Can you share some of your wisdom on setting up a scalable inference infrastruct...

Carrok · 2025-03-18T21:37:01 1742333821

Use Ray Serve. https://docs.ray.io/en/latest/serve/index.html

ipsum2 · 2025-03-18T21:41:32 1742334092

As someone who has run LLMs in production, using Ray is probably the worst idea. It's not optimized for language models, and is extremely slow. There's no KV-caching, model parallelism, and other basic table stakes features that are offered by Dynamo or other open source inference frameworks. Useful only if you have <1 QPS.

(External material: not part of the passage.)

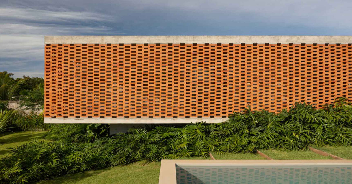 La fachada de ladrillo perforada puntúa la casa de concreto de Fernanda Padula en Brasil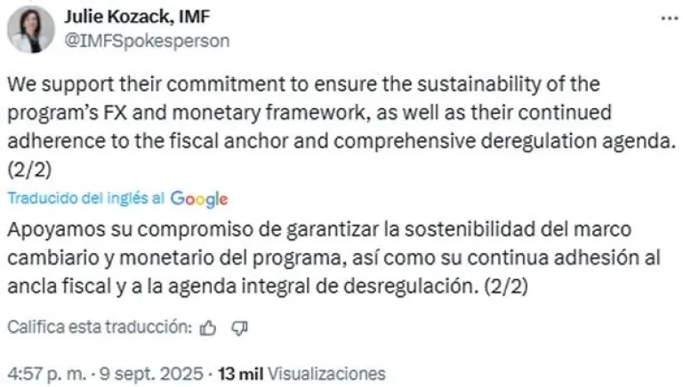 La vocera del FMI, Julie Kozak, afirmó que «el personal del FMI colabora estrechamente con las autoridades argentinas» para mantener el plan vigente.

Use SGLang, vLLM, or text-generation-inference instead.

erulabs · 2025-03-18T22:28:22 1742336902

It really depends on the task. If you have 1 massive job, Ray sucks and doesn't provide table stakes. If you have 50M tiny jobs, Ray and kuberay is great and serves as the backbone of several billion dollar products.

Good for the goose, good for the gander...

richardliaw · 2025-03-20T16:08:14 1742486894

> If you have 1 massive job, Ray sucks and doesn't provide table stakes.

Can you say more?

Carrok · 2025-03-18T21:43:41 1742334221

This is probably true, but unlike every Nvidia product we tried, it did, you know, reply to inference requests with actual output. That said, you can serve vLLM with Ray Serve. https://docs.ray.io/en/latest/serve/tutorials/vllm-example.h...

ipsum2 · 2025-03-18T22:54:20 1742338460

Ray doesn't offer anything if you use vLLM on top of Ray Serve though.

dzr0001 · 2025-03-19T00:37:55 1742344675

It does if you need pipeline parallelism across multiple nodes.